Marshall N. Carter, chairman and chief executive, said State Street plans to further invest in products and technology in Canada in order to expand services to institutional investors.

State Street recently obtained a banking license for an office in Munich. The Boston-based bank also has applied to Taiwanese banking authorities to upgrade its representative office in Taipei to a branch. State Street plans to develop short-term trade financing to Taiwanese companies and market the bank's custody and asset management services.

Offices in other countries are also slated for improvements and expansion, Mr. Carter said.

State Street, the second largest securities custodian among U.S. banks after Bank of New York Co., has approximately $1.9 trillion assets under custody and $180 million in assets under management.

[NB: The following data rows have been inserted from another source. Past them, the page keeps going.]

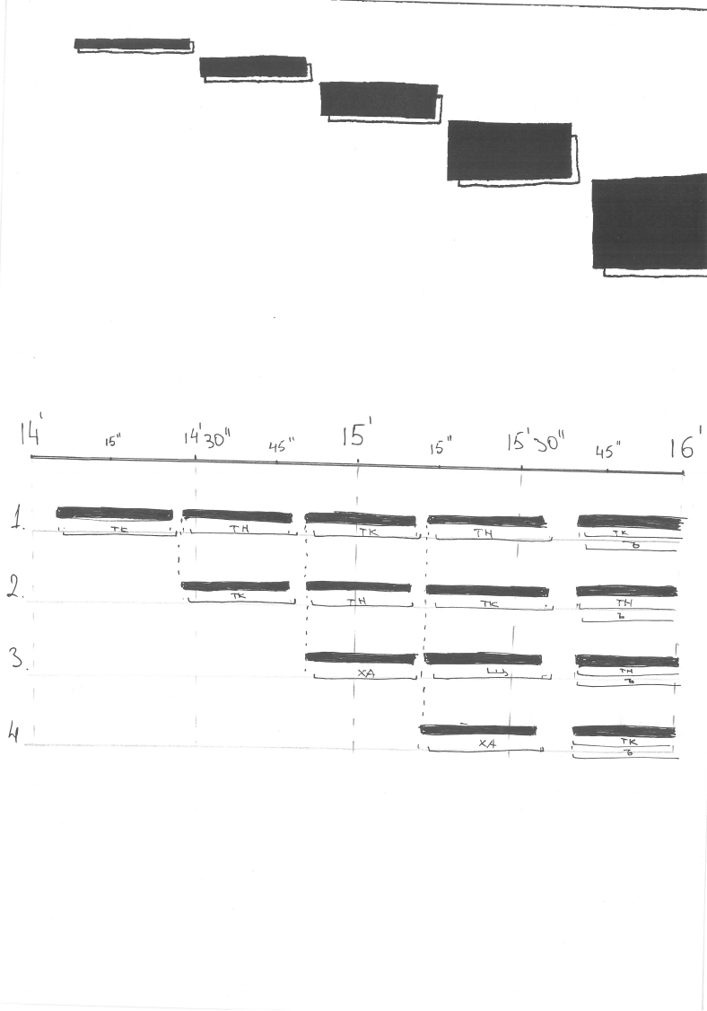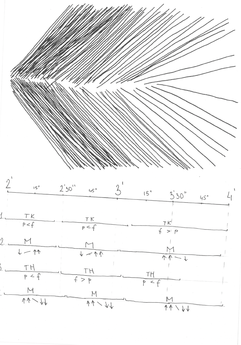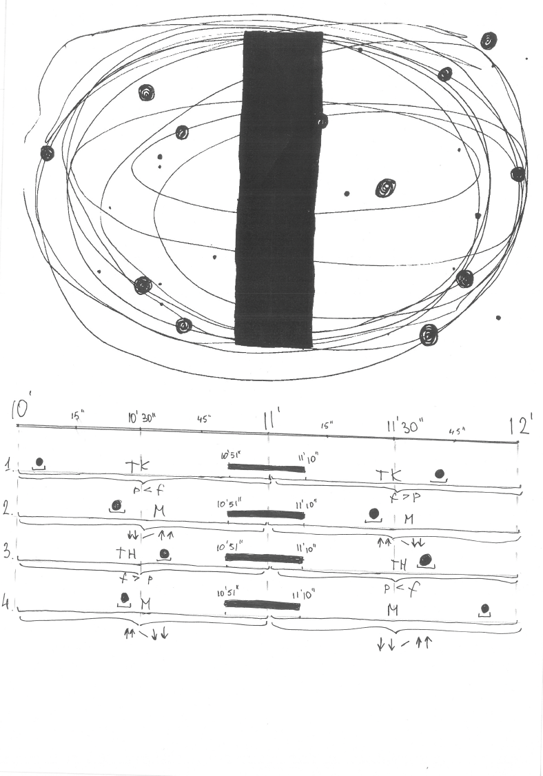 Каждый из перформеров ведет свою партию, ориентируясь на время и специальные обозначения, выписанные перед началом композиции.
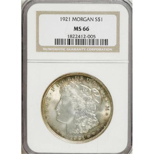 <B>1921 $1 MS66 NGC.</B></I> An unusually lustrous example. Nuanced chocolate brown color clings to the rims while the balance of the surfaces are toned a pleasing light silver-peach. More prominent olive-green tones habituates the reverse. The luster is plentiful, but surface marks are not. NGC has graded only 14 finer (12/07).<BR><BR><b>Shipping:</b> Coins & Currency (<a target="_blank" href="http://www.heritageauctions.com/common/shipping.php">view shipping information</a>)
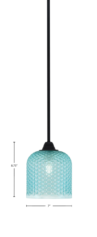 Paramount Stem Hung Mini Pendant Shown In Matte Black Finish With 7 Turquoise Textured Glass
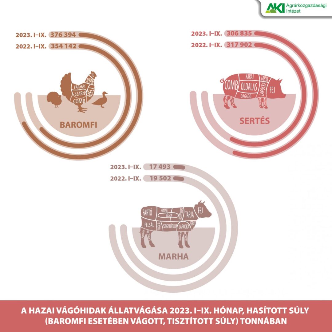 A levágott szarvasmarhák 63 százaléka tehén, 18 százaléka bika volt. A tehenek vágása 9,5 százalékkal, a bikáké 15,3 százalékkal csökkent, míg az üszők vágása 5,8 százalékkal nőtt a darabszám alapján 2023 első három negyedévében a bázisidőszakhoz képest. A sertésvágáson belül az anyakocák vágása az előző év első három negyedévi 50,7 ezerről – több mint 17 százalékkal – 41,8 ezer darabra csökkent a 2023. január–szeptemberi időszakban. A baromfi túlnyomó részét – darabszám alapján a 85 százalékát – a csirke tette ki, a pulykák számaránya 2,3 százalék volt, a kacsáké 10,1.
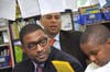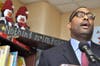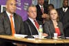 Taylor, flanked by Newark Mayor Cory Booker, state-appointed Newark Schools Superintendent Cami Anderson and acting New Jersey Education Commissioner Chris Cerf, addressed a room of reporters at the city's Harriet Tubman School.
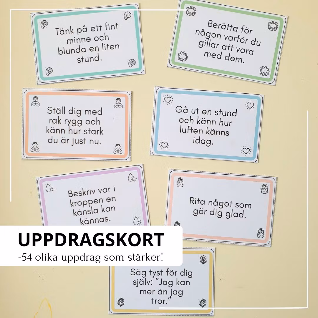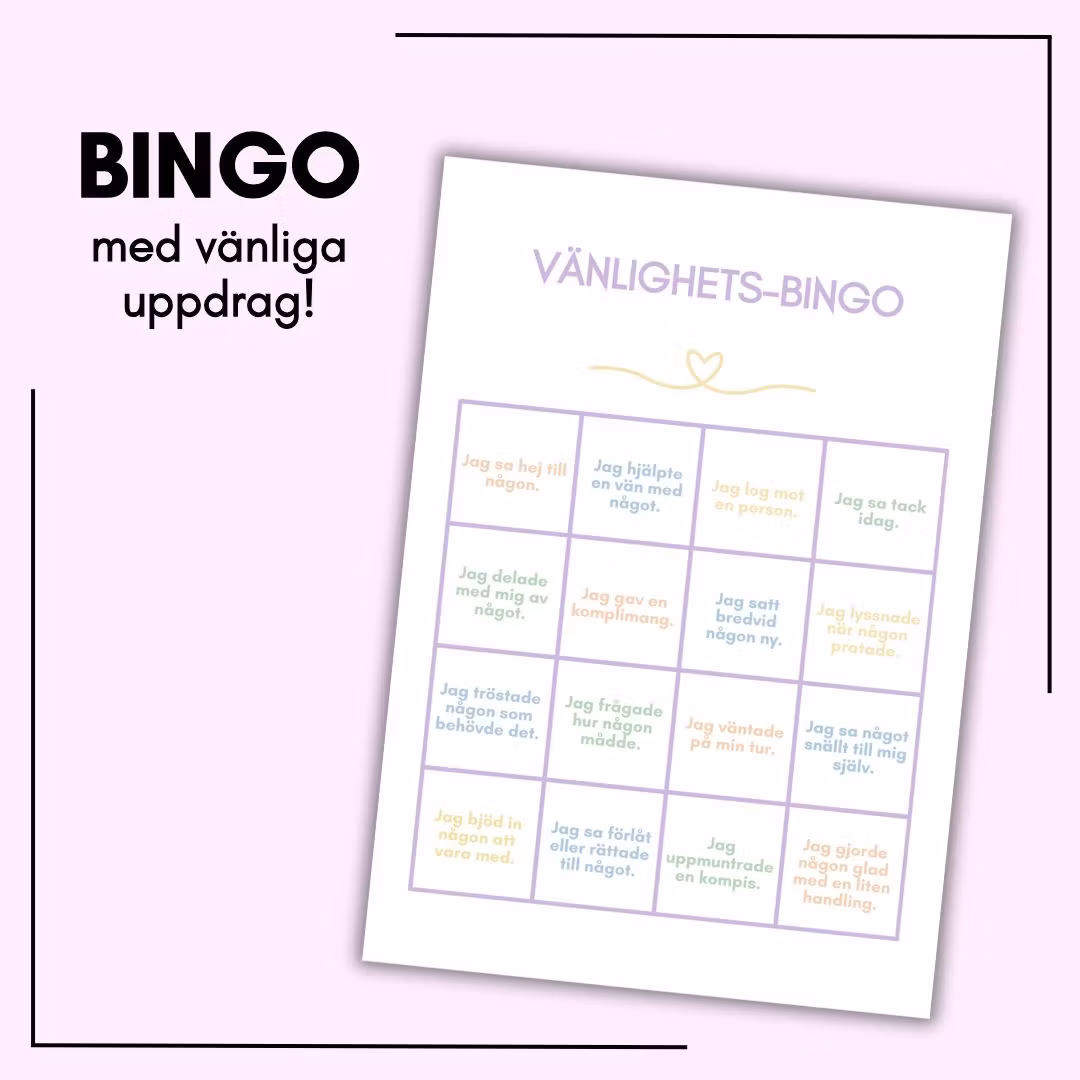 Här får du ett varierat material med papperskedjor, uppdragskort, känslosnurra, vänlighetsbingo och ett spel. Tanken är att göra det enklare och mer lustfyllt att prata om känslor, behov, styrkor och relationer med barn. Materialet passar lika bra hemma som i förskolan, skolan eller fritids.
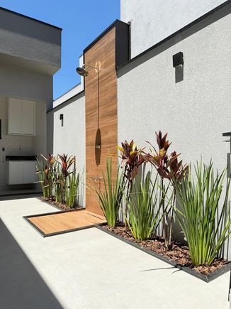 3 suítes, lavabo, cozinha e gourmet integradas, quintal equipado com chuveirão e jardim.
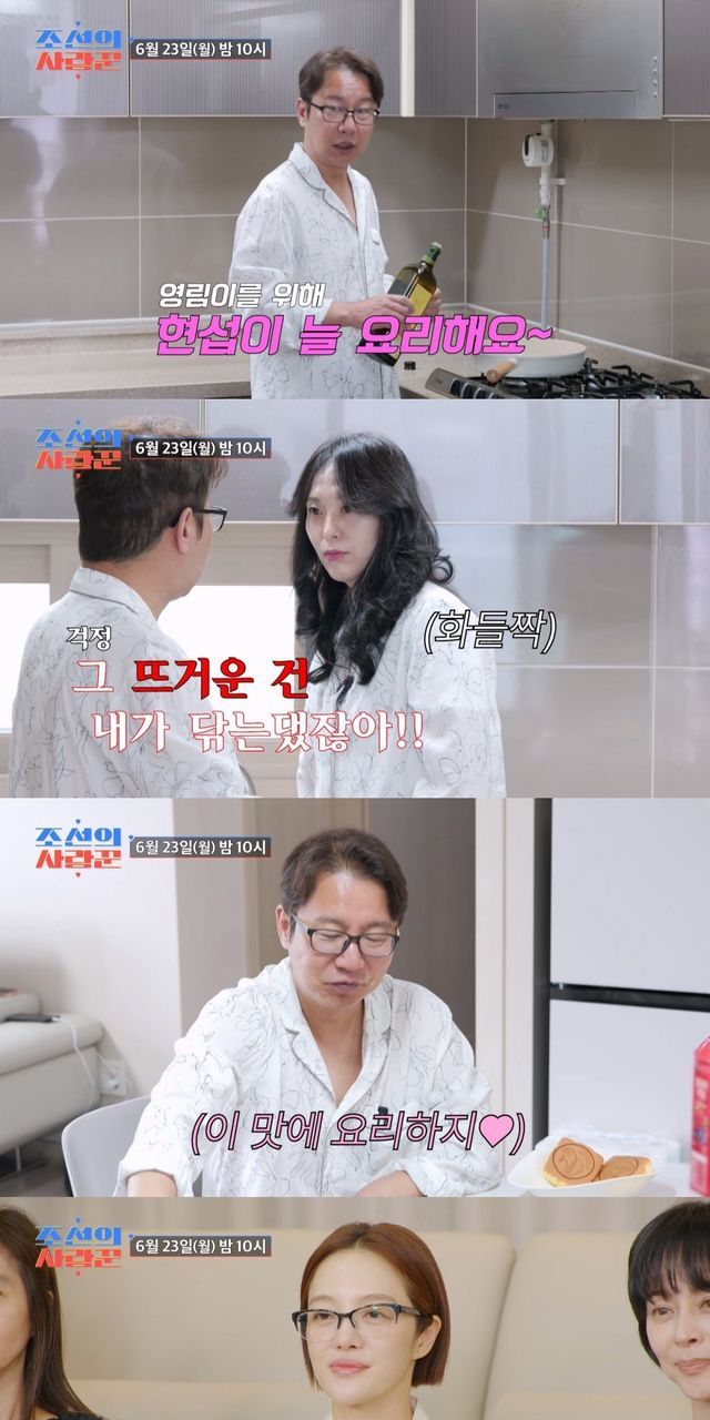 23일 오후 방송될 ‘조선의 사랑꾼’에서는 심현섭♥정영림이 결혼 후 둥지를 튼 울산 신혼집으로 제작진이 찾아간다. 커플 잠옷 차림으로 제작진을 반갑게 맞이한 심현섭은 아침 식사를 준비하고 있었다. 그는 “(영림을 위해) 늘 내가 세끼를 차린다. 별거 없다”며 영림이 좋아하는 오믈렛과 샐러드를 준비했다. 심현섭이 그릇 세팅을 위해 잠시 불 앞을 비운 사이, 영림이 아직 식지 않은 프라이팬 정리를 시도했다. 이에 심현섭은 “그 뜨거운 건 내가 닦는다고 했잖아! 뜨거운 건 남자가 닦는 거라고…저번에 데어서 울었잖아”라고 별안간 영림에게 애정 어린 큰소리를 내지르며, 믿음직한 남편의 면모를 보였다. 둘의 꿀이 뚝뚝 떨어지는 애정 행각에 VCR 너머의 사랑꾼 MC들은 아우성(?)을 보내 웃음을 자아냈다.

The bank's decision to upgrade its network of offices in 16 foreign countries comes as cross-border investments by institutional investors is increasing and as the U.S. securities custody and processing business is consolidating.

As part of the consolidation trend, the bank this month acquired BayBank Inc.'s corporate bond trusteeship business which has $4.4 billion in assets.

"There are about 70 countries around the world you can invest in with reasonable security," Mr. Carter said. "You can no longer manage the increased complexity of cross-border investments without massive computer power and global custodians."

Mr. Carter estimated worldwide securities investments now total $24.5 trillion. Roughly $15 trillion of that is invested in bonds and $9.5 trillion in equities.

He added that an aging population worldwide, and a need to build alternative retirement funds to government-sponsored social security programs is likely to increase the market for domestic as well as international investments in securities.

Around 16% of the population in industrialized countries is now 60 years or older, but that figure could rise to as high as 33% by the year 2030, Mr. Carter said.

"There will be a substantial increase in pension fund assets," he predicted.

Analysts did not dispute Mr. Carter's views or his commitment to taking a long-term view. But they insisted the trends he outlined are occurring slowly. They said State Street faces more immediate problems in the near term, particularly in the United States.

"Global trends are strong, but developing only gradually," said David L. Verlander, an analyst with NatWest Securities Corp. "At the same time, the company must contend with severe price competition and a hostile operating environment."

The analyst also suggested State Street might need to reconsider its longstanding policy of building its business from within and opt for further acquisitions in order to strengthen its U.S. franchise.

There is growing competition on pricing in the securities custody business, Mr. Verlander said.